II. LA POSITION DE VOTRE COMMISSION : UNE ACTION PLUS RÉSOLUE EST POSSIBLE ET NÉCESSAIRE

Comme votre rapporteur l'a indiqué au tout début de ce rapport, il existe un large accord sur l'une des prémisses qui fonde ce texte, à savoir que les pouvoirs publics doivent créer les conditions d'une relance forte et durable de la construction de logements, notamment sociaux. Tout l'enjeu du débat est de déterminer la façon la plus efficace et la plus juste d'y parvenir. Votre commission estime que le dispositif proposé par le Gouvernement ne répond pas aux objectifs. Elle propose donc de lui substituer une mesure plus simple, plus robuste et plus efficace.

A. SUPPRIMER UNE MESURE GADGET

Le dispositif proposé par le Gouvernement cumule les inconvénients : insuffisamment préparé et discuté dans la précipitation, il est à la fois redondant avec le droit existant, porteur de risques contentieux lourds, doté d'une efficacité concrète très improbable et contraire à l'esprit d'un urbanisme de projet responsable et d'une coopération intercommunale apaisée et efficiente. Pour toutes ces raisons, votre commission a décidé de le supprimer en lui substituant un autre dispositif.

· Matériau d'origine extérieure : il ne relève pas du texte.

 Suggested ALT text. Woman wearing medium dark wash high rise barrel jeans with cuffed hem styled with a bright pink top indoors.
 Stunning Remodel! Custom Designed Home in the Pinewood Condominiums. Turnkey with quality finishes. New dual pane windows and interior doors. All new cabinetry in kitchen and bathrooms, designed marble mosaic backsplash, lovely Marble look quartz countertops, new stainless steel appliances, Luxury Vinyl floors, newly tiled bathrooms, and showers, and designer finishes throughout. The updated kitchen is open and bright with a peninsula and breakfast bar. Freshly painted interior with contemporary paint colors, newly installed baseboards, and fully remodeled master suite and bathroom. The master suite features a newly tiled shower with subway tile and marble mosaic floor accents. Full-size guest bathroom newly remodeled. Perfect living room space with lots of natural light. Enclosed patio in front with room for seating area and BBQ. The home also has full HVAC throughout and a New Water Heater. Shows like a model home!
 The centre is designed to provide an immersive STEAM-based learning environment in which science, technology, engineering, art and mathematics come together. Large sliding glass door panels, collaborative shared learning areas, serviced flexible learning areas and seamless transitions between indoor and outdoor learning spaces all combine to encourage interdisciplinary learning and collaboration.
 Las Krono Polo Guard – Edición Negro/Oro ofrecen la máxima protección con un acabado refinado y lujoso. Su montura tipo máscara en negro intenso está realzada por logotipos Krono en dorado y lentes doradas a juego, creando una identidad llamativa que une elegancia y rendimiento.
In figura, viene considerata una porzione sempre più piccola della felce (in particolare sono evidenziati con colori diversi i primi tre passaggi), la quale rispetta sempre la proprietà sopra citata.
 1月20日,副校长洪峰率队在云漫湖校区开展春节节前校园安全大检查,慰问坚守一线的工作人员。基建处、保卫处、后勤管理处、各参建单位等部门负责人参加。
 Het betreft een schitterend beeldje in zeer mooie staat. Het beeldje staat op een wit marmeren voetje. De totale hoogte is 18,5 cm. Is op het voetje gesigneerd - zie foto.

B. RESTAURER L'EXEMPLARITÉ DE L'ÉTAT PAR UNE MESURE FORTE, CONCRÈTE ET D'APPLICATION IMMÉDIATE

Votre commission est convaincue que les blocages qui existent aujourd'hui dans le secteur du logement sont bien trop prononcés pour qu'une seule mesure suffise à les lever. C'est uniquement par une action coordonnée sur de multiples leviers qu'une avancée significative pourra être réalisée: action sur la fiscalité foncière pour accélérer le retour sur le marché des logements vacants et l'utilisation des terrains constructibles non bâtis ; action sur la taxation des plus-values immobilières pour mettre fin à la rétention de logements ou de terrains constructibles inutilisés pour des motifs d'optimisation fiscale ; action sur le règles d'évolution des loyers pour éviter leur envolée ; action sur les mécanismes de financement du logement social par une orientation de l'épargne vers ce secteur ; action pour renforcer la portée et l'effectivité de la loi du 13 décembre 2000 relative à la solidarité et au renouvellement urbains en matière de logement social et éviter les comportements de passager clandestin des communes qui jouent le jeu du malthusianisme, etc.

Bien entendu, il n'est pas question pour votre commission de développer dans le cadre de l'examen de ce texte un dispositif juridique complet et finalisé correspondant à ce projet d'ensemble -et ce pour deux raisons. La première est technique : une politique dans les domaines de l'urbanisme et du logement ne s'improvise pas. C'est un sujet trop important et trop complexe pour tolérer les approximations. Le texte mal conçu présenté par le Gouvernement en est la preuve par l'absurde. La seconde raison, plus déterminante, est politique. À moins de deux mois d'échéances électorales majeures, le temps est désormais celui de la confrontation des projets. La question du logement en est une composante essentielle.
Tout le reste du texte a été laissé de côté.